• **Exercise**
Each line below from the line with "OEM Custom Luxury" to the line with "It’ll be your" must be copied exactly, including those two, and no picture may appear in the copy.

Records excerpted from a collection
'''

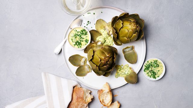 Artischocken mit Zitronen-Miso-Schnittlauchsauce
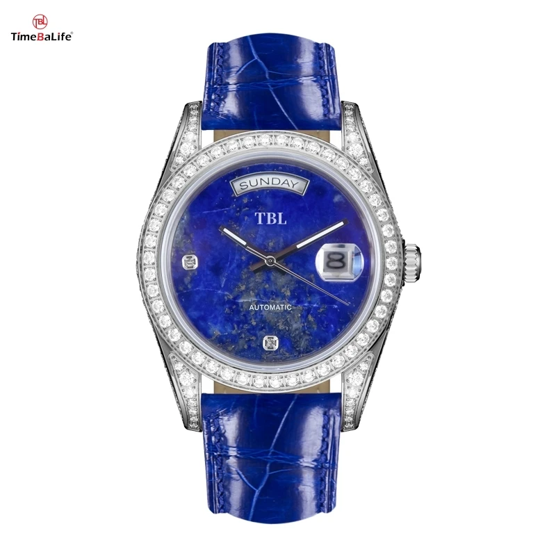 OEM Custom Luxury Lapis Lazuli Full Diamond Automatic Mechanical Men's Watch Waterproof Butterfly Buckle Genuine Leather Strap
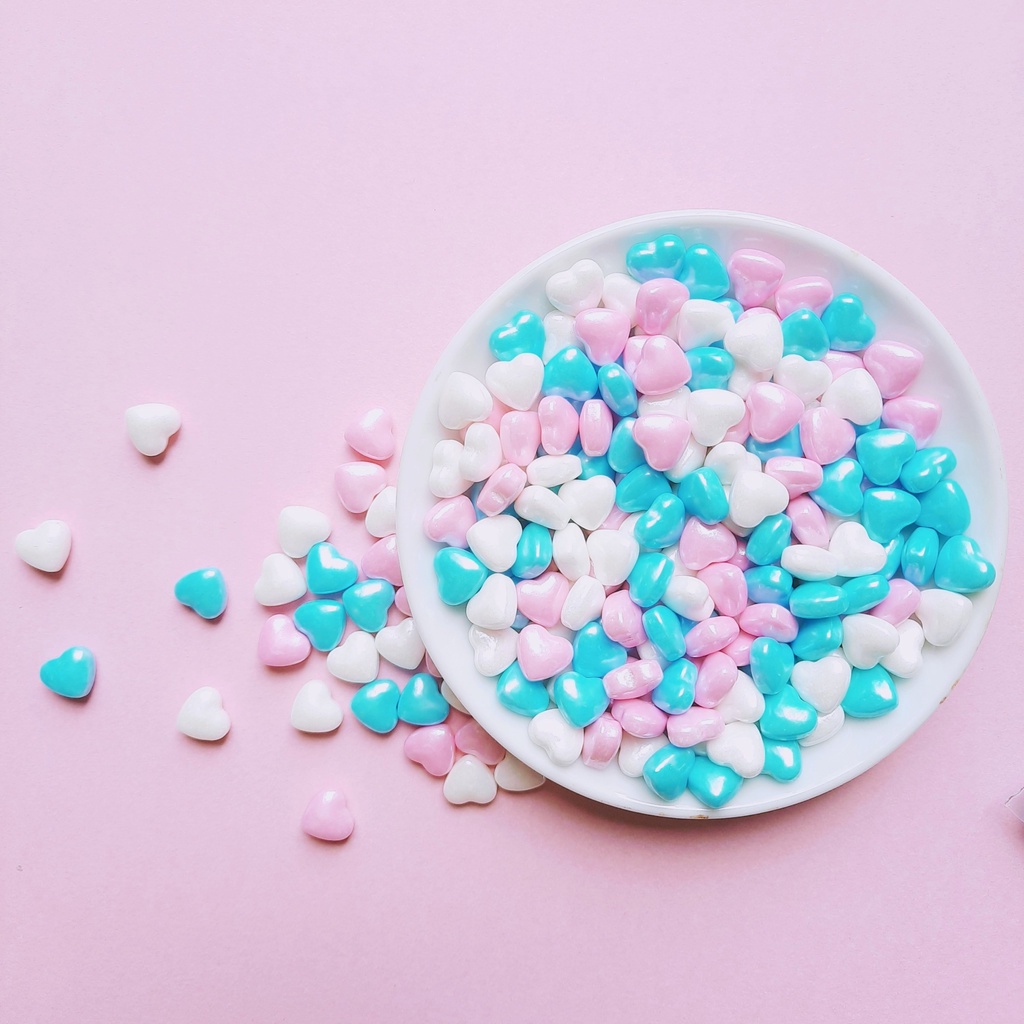 - Xuất sứ: Phụ kiện bánh sinh nhật bánh kem - 120g bi đường tròn, dài, tim, sao nhiều màu lì, bóng
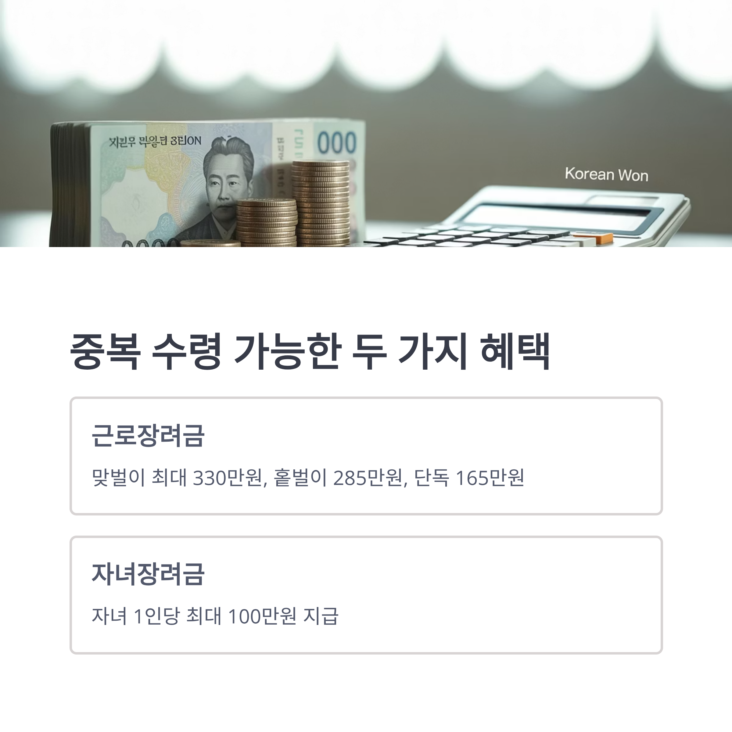 2025년 근로장려금과 자녀장려금은 별개의 제도이지만, 요건을 충족하면 중복 수급 가능합니다.
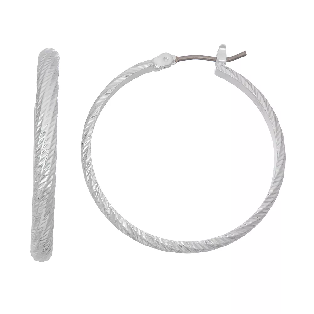 It’ll be your time to shine whenever you wear these Nine West twist hoop earrings.
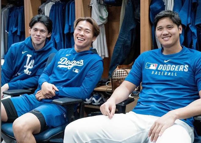 | LA 다저스 일본인 ‘선발 트리오’ LA 다저스의 일본인 선발투수 트리오 오타니 쇼헤이, 야마모토 요시노부, 사사키 로키(오른쪽부터)가 스프링캠프 라커룸에서 기념 사진을 찍었다. 사진 출처 LA 다저스 인스타그램 |
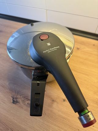 Olla a presión de la marca WMF con capacidad de 4,5 litros. Fabricada en Alemania. - Modelo Perfect Excellence. - Acabado en acero inoxidable pulido. - Asa ergonómica de tacto frío. - Válvula de seguridad y control de cocción.
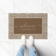 Eleganter Empfang Doormat mit braunem, Zickzack Hintergrund. Personalisieren Sie Ihre Daten mit Ihrem Familiennamen oder Text.
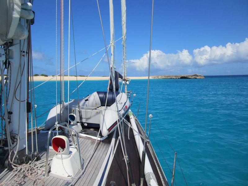 Mittwoch, 29.10.2017 (Tag 11) Sonne, Sonne, Sonne und Wärme. Zunächst wird die Reparatur vorgenommen. Wir nehmen das Vorsegel weg und holen den Großbaum dicht. Nach kurzer Beratung basteln wir an der Baumnock mit einem Ende reckfreier Leine einen neuen Holepunkt für die Großschot und eine Öse für den „Bullen“. Nicht schön, aber selten. Nach der Reparatur, die sich als brauchbar, aber noch verbesserungsbedürftig und -fähig erweist, setzen wir dann den Spi bei 16 Kn Wind, der uns den ganzen Tag mit 6-7 Kn in Richtung St. Lucia zieht, allerdings immer noch mit südlichem Einschlag. Mittag: 140 Sm. Der Spi hat 36 Stunden gestanden , laut Ronny , so lange hat er ihn noch nie oben gehabt.

'''

• **Written response**
 OEM Custom Luxury Lapis Lazuli Full Diamond Automatic Mechanical Men's Watch Waterproof Butterfly Buckle Genuine Leather Strap
 - Xuất sứ: Phụ kiện bánh sinh nhật bánh kem - 120g bi đường tròn, dài, tim, sao nhiều màu lì, bóng
 2025년 근로장려금과 자녀장려금은 별개의 제도이지만, 요건을 충족하면 중복 수급 가능합니다.
 It’ll be your time to shine whenever you wear these Nine West twist hoop earrings.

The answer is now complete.